- Born: 22 February 1953 (age 73) Singapore
- Citizenship: Singapore
- Education: INSEAD (MBA) École nationale de l'aviation civile (Dipl. Ing.)
- Children: 2

= Alan Chan =

Singaporean civil servant (born 1953)

Alan Chan Heng Loon (born 22 February 1953) is a former Singaporean civil servant. He was the former chief executive of the Singapore Press Holdings.

==Early life==
Chan was born to a bilingual family fluent in English and Chinese. He studied in Haig Boys School, Raffles Institution and National Junior College. He was awarded the President's Scholarship and French Government Scholarship, and graduated with a Dip Ingenieur from Ecole Nationale de L'Aviation Civile in 1978. He subsequently went to INSEAD and obtained an MBA in 1983.

==Career==
After studying in France, Chan worked as a civil servant under various Singaporean government ministries. Chan served as the Ministry of Defence’s Director of Manpower. In 1994 Chan successfully applied to be the Principal Private Secretary of then Senior Minister Lee Kuan Yew. Thereafter, Chan was appointed as Deputy Secretary at the Ministry of Foreign Affairs. Strict on making his subordinates speak Chinese properly, he imposed a ten-cent fine on whoever who used English terms in their Chinese conversations. Chan later contributed an essay titled "My Tryst With Chinese" to Lee's 2012 book, My Lifelong Challenge: Singapore's Bilingual Journey. Before retiring from the civil service, he rose to the position of Permanent Secretary of the Ministry of Communications and Information and the Ministry of Transport. In total, Chan's career as a government official spanned some 25 years.

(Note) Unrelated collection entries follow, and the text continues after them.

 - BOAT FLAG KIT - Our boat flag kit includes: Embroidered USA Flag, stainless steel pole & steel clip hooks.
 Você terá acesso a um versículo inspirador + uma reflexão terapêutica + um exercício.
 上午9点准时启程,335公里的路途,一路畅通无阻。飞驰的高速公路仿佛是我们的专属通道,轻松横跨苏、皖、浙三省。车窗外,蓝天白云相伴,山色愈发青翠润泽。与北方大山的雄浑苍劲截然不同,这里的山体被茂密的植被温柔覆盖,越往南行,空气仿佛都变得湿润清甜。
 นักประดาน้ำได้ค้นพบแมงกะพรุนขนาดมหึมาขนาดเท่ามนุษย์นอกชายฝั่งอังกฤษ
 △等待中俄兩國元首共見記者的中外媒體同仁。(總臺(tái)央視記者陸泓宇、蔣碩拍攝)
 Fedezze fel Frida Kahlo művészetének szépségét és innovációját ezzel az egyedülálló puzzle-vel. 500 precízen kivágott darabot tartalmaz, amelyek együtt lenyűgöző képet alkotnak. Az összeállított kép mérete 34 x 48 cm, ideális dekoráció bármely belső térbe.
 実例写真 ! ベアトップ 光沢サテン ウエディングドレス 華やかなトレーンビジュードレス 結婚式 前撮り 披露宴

Chan became Group President of media firm Singapore Press Holdings (SPH) in July 2002. In January 2003, he became the Singapore-based company's chief executive officer. He was also part of its board of directors. Chan retired from SPH on 1 September 2017.

He was appointed Chairman of the Land Transport Authority on 1 April 2016.

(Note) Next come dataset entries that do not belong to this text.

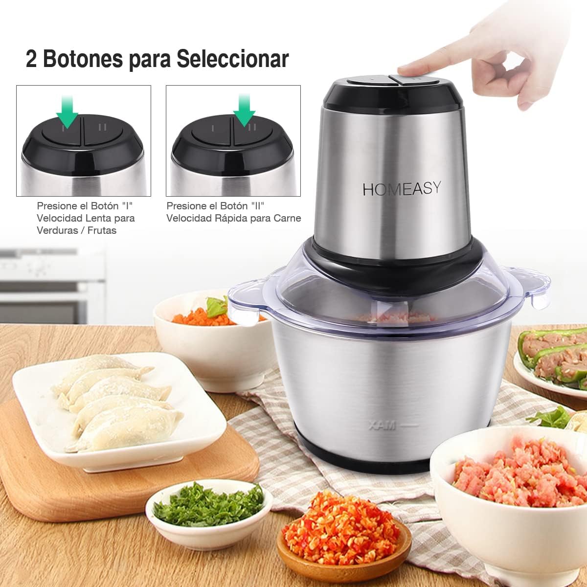 MULTIFUNCTIONAL – Homeasy electric shredder is equipped with 4 stainless steel blades and 2 speed settings to choose from. You can chop and grind various ingredients such as onions, meat, ham, garlic, onions, small herbs.
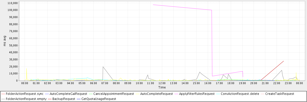avg(FolderActionRequest.sync) = 3892.00 avg(AutoCompleteGalRequest) = 235.29 avg(CancelAppointmentRequest) = 776.00 avg(AutoCompleteRequest) = 578.67 avg(ApplyFilterRulesRequest) = 46524.80 avg(ConvActionRequest.delete) = 531.77 avg(CreateTaskRequest) = 284.50 avg(FolderActionRequest.empty) = 2691.08 avg(BackupRequest) = 14079.50 avg(GetQuotaUsageRequest) = 1312.00
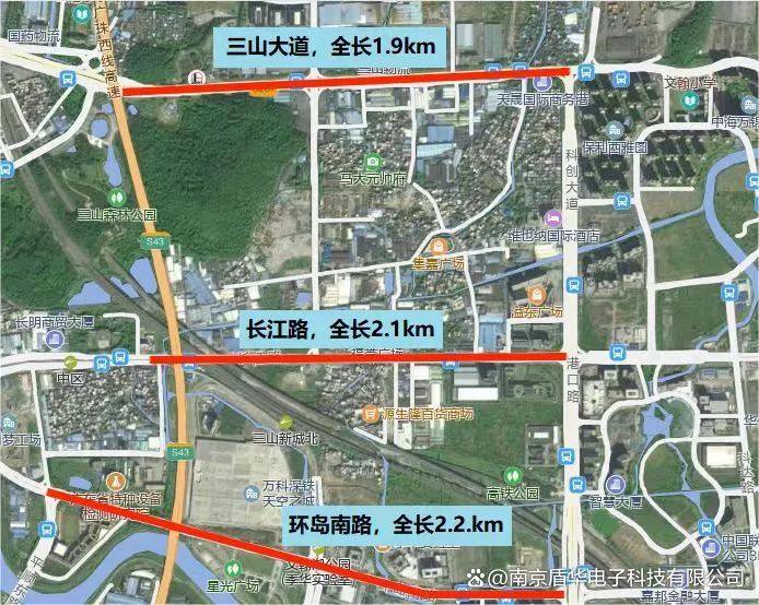 本次照明开通区域为三山大道、长江路和环岛南路三条路段,全长为6.2km,项目内容涵盖了多功能智慧灯杆、智慧公交站、智慧信控系统、智慧设施供配电、智慧设施联网工程等前端及相关配套设施。
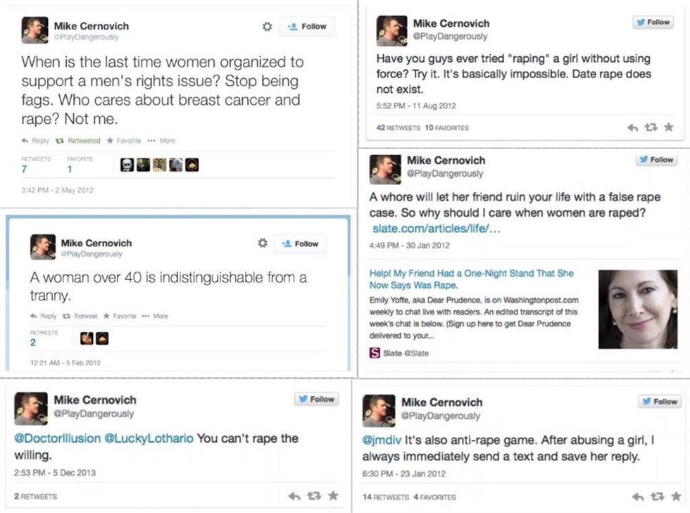 For Cernovich, this likely goes further. As you may know, he was previously charged with rape and got the charges reduced after intimidating a witness into changing their testimony -- and claims he was "falsely accused." He wrote a list of tips to avoid false rape accusations, which included taping sexual encounters without the consent of the woman involved. So not only does he believe that liberals go around falsely accusing people of racism, he also believes that women go around falsely accusing men of rape. You know, for fun.
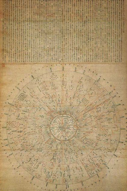 天ノ図は、四代朝倉孝景から寄進されたもので、室町時代中期以前の星図として現存唯一の遺品とみられています。 本図は上段の『歩天歌』と下段の『星図』からなっています。 『歩天歌』は中国の隋のころ星座を詩歌の形に詠んだもので、本図の歩天歌は晁氏志撰「唐歩天歌」(『玉海』所収)とほぼ一致します。 『星図』は、331星座と1554個の星からなります。星座の位置は、正確さを欠きますが、星の番号、名称は「格子月進図」(焼失)と、宿度は賀茂在方著「暦林問答集」(1414年)記載とほぼ一致します。

Listed as one of "100 Inspiring Rafflesians" in 2008, Chan was selected by INSEAD in 2009 as one of the "50 Alumni who changed the world".

==Personal life==
Chan is married with two children, a boy and a girl. Chan has three older siblings. His brother Heng Wing was Ambassador to Thailand, and one of his sisters, Heng Chee was Ambassador to the United States.

== Awards and decorations ==

- Distinguished Service Order, in 2026.
- Meritorious Service Medal, in 2012.
- Public Administration Medal (Gold), in 2002.
- Public Administration Medal (Silver).